Function timeout after 5 minutes.

What would cause this to happen? How can I fix it? I’ve posted for assistance on Vercel official support forum before and received no help. I am out of ideas, and cannot reproduce the issue in a preview environment no matter what I’ve tried, and I’ve tried hundreds of things.

Any advice would be appreciated, thank you kindly.

61 Replies

@Cuvier’s Dwarf Caiman When I upgrade from the latest 15.x to 16.x my service begins to spew 408 Request Timeout errors. Rolling back to 15.x fixes the issue. I tried various versions of 16.x, including the latest with the same result. - I use fluid compute - I have a PG pool with attachDatabasePool configured - there is no rhyme or reason to the pages or routes this effects, it’s all of them. - my application only uses app router My max duration is set to 5 minutes. Middleware resolves in milliseconds. Response finished in 100s of milliseconds. Function timeout after 5 minutes. What would cause this to happen? How can I fix it? I’ve posted for assistance on Vercel official support forum before and received no help. I am out of ideas, and cannot reproduce the issue in a preview environment no matter what I’ve tried, and I’ve tried hundreds of things. Any advice would be appreciated, thank you kindly.
That response finishing in 100s of ms but function timing out after 5 min means something is keeping the function alive after the response is done. Usually an open connection or listener thats not cleaning up. With fluid compute + pg pool, my guess is next 16 changed how it signals the function is done, so vercel thinks its still running. You could check if it happens on routes that dont touch the db at all. if those work fine, its definitely the pool or try explicitly calling pool.end() or releasing connections in a
finally block and see if you have any event listeners or streams that arent being closed. Also what pg client are you using? @vercel/postgres or something like node-postgres directly? The attachDatabasePool behavior might be different in 16.
Cuvier’s Dwarf CaimanOP
I have been thinking along the same lines.

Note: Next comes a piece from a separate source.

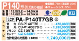Panasonic XEPHY Premium 天井吊型 新ナノイーX P140型 シングル PA-P140T7GB

Unfortunately this happens across every page and route, even pages that aren’t explicitly interacting with the database. But I can try to explicitly release and see what it does, I’ve tried it before.

I’ve also been unable to reproduce this issue in preview environments. Even happens in production during off hours when less users are online.
In any case you’re the first person who has offered an opinion on this, so I appreciate your advice.
For db connections I’m using Prisma v6.19.2
I also have a read replica pool configured. So in addition to releasing, I may temporarily remove the read replica pool entirely, and see if having a single db connection for everything helps.
As for testing what I am thinking of doing is:

- deploying the change to Vercel
- immediately promoting a pre 16.x release so it’s not customer facing
- testing against the 16.x internal Vercel app

If you have ideas for how to test against a production environment that don’t require that ridiculous dance I’m all ears 👂
@Cuvier’s Dwarf Caiman In any case you’re the first person who has offered an opinion on this, so I appreciate your advice.
Im more than happy to help, i know how frustrating it can be when you are stuck on something and no one has answers, lets hope we can figure this one out.
Prisma with read replicas adds complexity for sure. Removing the read replica pool temporarily is a good test. If the timeouts stop you know its something with how Prisma handles multiple pools in 16. Could also check if Prisma has any open issues with Next 16 specifically. For testing without that promotion dance, could you create a separate Vercel project pointing to the same repo but on a different branch? That way you get a real prod environment with prod env vars but its isolated. Or use deployment protection on the 16.x deploy so only you can access it while its live.
Cuvier’s Dwarf CaimanOP
I’ll try the deployment protection feature first, see how that goes, and get back to you 🫡
Cuvier’s Dwarf CaimanOP
The feature I needed to disable ended up being under Settings > Environments > Production

So far I am not seeing any errors. I did upgrade to the latest Prisma v6.x in this release, so it’s possible that’s the issue, but I’ll wait a bit since it takes at least 5-10m before I see the timeouts after a deploy iirc.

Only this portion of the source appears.